*Directions*: Please retype the listing exactly as it appears, skipping each picture.

*Supplied material*:
————

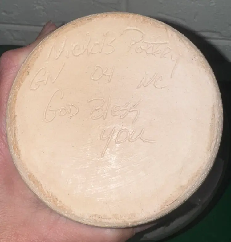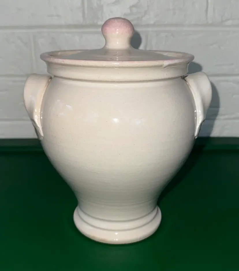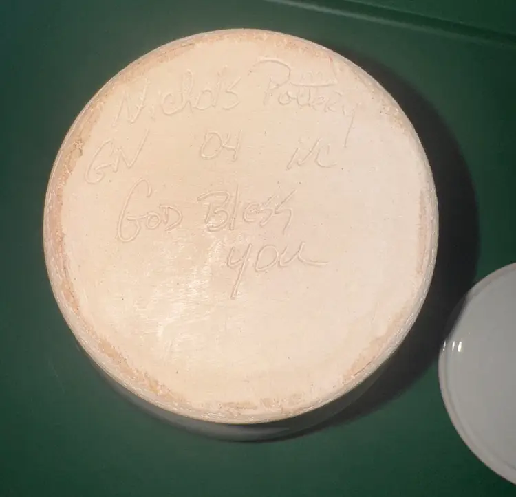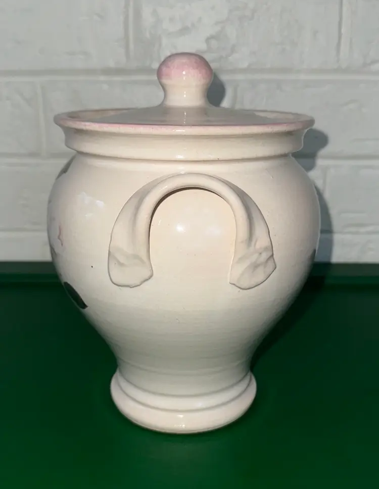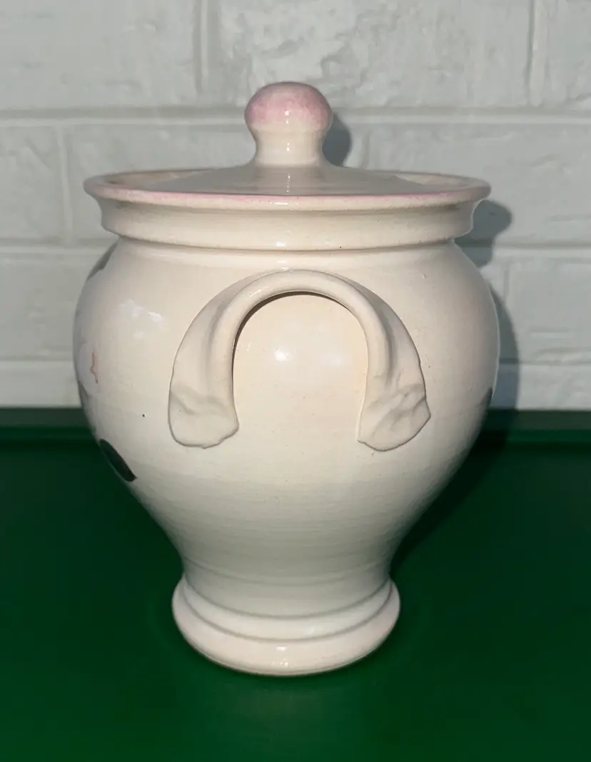 Elegant ceramic jar with floral design. Features a lid and side handles. Perfect for decor or storage. Nichols Pottery N.C. 2004 Floral Cookie Jar with Lid Studio Art Pottery 9” tall 8” wide Signed Excellent like new condition with no breaks or chips (2914264)
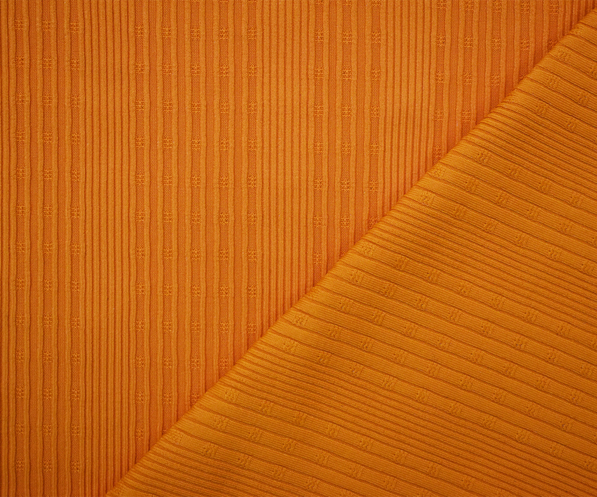 Solid Rib Knit Fabric - A knit fabric in which the wales or vertical rows of stitches intermesh alternately on the face and the back. Ribbed knit fabrics of this type have good elasticity for sewing many types of items as well as finishing necklines, cuffs, collars, and hems.
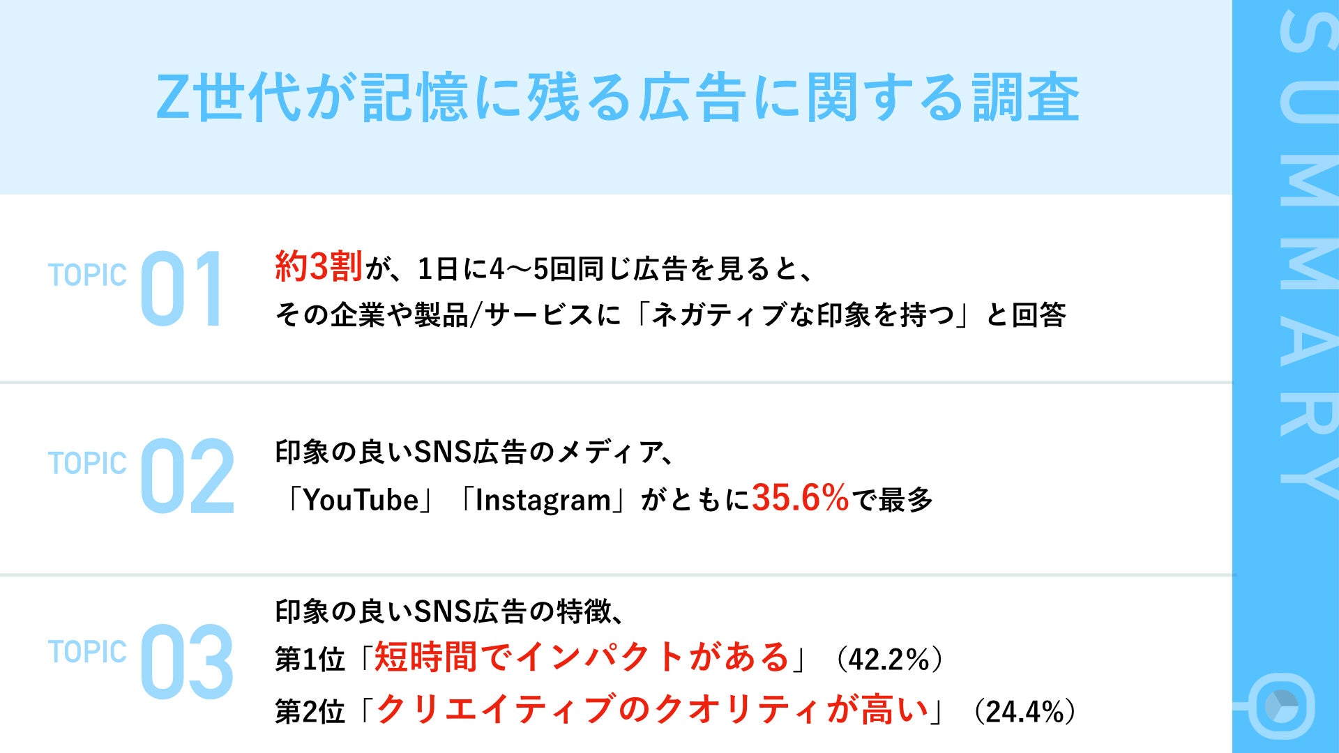 今回の調査では、Z世代が接触回数の多いSNS広告に対してネガティブな印象を持っていることが明らかになりました。一方で、短時間でインパクトがあるSNS広告は記憶に残りやすく、印象が良いと感じているようです。Z世代をターゲットとしたSNS広告を展開する上では、接触回数を増やすよりも、記憶に残りやすい広告を提供することが鍵になるのではないでしょうか。

————

*Response to the task*:
 Elegant ceramic jar with floral design. Features a lid and side handles. Perfect for decor or storage. Nichols Pottery N.C. 2004 Floral Cookie Jar with Lid Studio Art Pottery 9” tall 8” wide Signed Excellent like new condition with no breaks or chips (2914264)
 Solid Rib Knit Fabric - A knit fabric in which the wales or vertical rows of stitches intermesh alternately on the face and the back. Ribbed knit fabrics of this type have good elasticity for sewing many types of items as well as finishing necklines, cuffs, collars, and hems.
 今回の調査では、Z世代が接触回数の多いSNS広告に対してネガティブな印象を持っていることが明らかになりました。一方で、短時間でインパクトがあるSNS広告は記憶に残りやすく、印象が良いと感じているようです。Z世代をターゲットとしたSNS広告を展開する上では、接触回数を増やすよりも、記憶に残りやすい広告を提供することが鍵になるのではないでしょうか。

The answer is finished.